Task objective — Copy the lines below exactly, starting at the one with "Our pre-configured Laundry" and ending at the one with "Christensen, John Sparre", and leave out any picture.

Extracted information —

*** Block opens ***

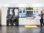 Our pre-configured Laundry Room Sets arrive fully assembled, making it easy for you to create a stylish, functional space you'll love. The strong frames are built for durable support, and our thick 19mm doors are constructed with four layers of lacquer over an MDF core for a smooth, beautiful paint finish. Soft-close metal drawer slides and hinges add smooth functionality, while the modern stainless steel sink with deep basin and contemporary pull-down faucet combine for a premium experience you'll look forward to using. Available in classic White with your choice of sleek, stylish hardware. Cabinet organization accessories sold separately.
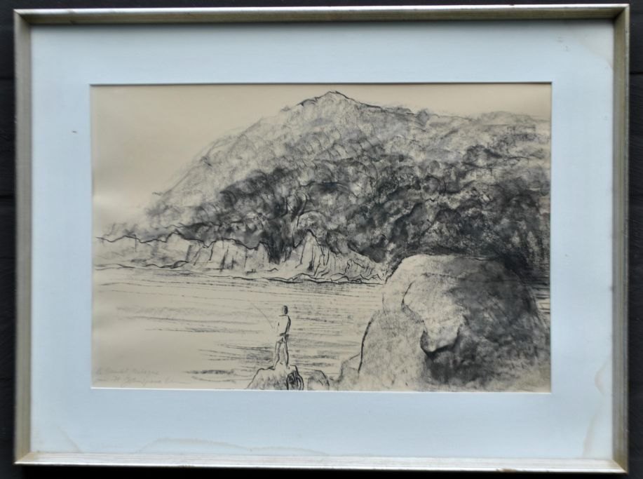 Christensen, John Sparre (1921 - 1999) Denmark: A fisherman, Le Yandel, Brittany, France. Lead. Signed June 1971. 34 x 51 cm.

*** Block closes ***
*** Block opens ***

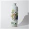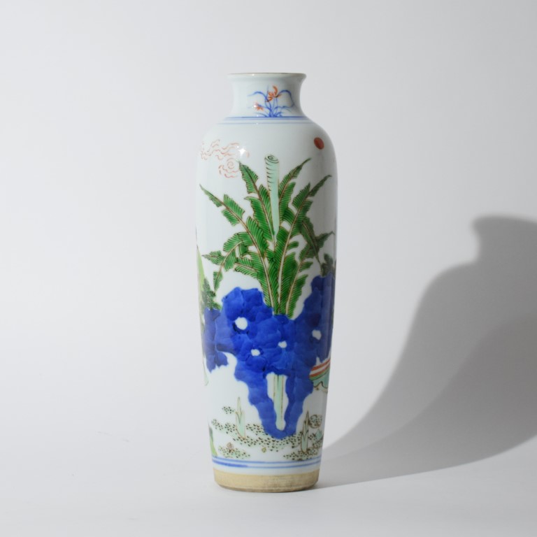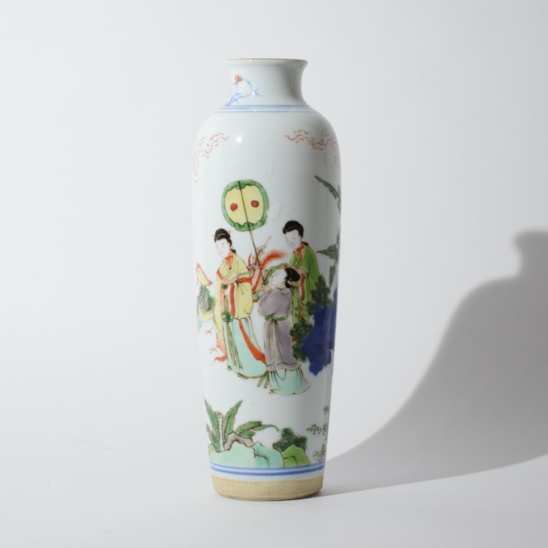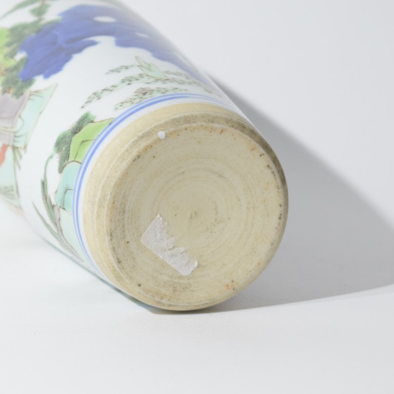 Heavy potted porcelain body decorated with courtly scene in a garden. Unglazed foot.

*** Block closes ***

Your solution —
 Our pre-configured Laundry Room Sets arrive fully assembled, making it easy for you to create a stylish, functional space you'll love. The strong frames are built for durable support, and our thick 19mm doors are constructed with four layers of lacquer over an MDF core for a smooth, beautiful paint finish. Soft-close metal drawer slides and hinges add smooth functionality, while the modern stainless steel sink with deep basin and contemporary pull-down faucet combine for a premium experience you'll look forward to using. Available in classic White with your choice of sleek, stylish hardware. Cabinet organization accessories sold separately.
 Christensen, John Sparre (1921 - 1999) Denmark: A fisherman, Le Yandel, Brittany, France. Lead. Signed June 1971. 34 x 51 cm.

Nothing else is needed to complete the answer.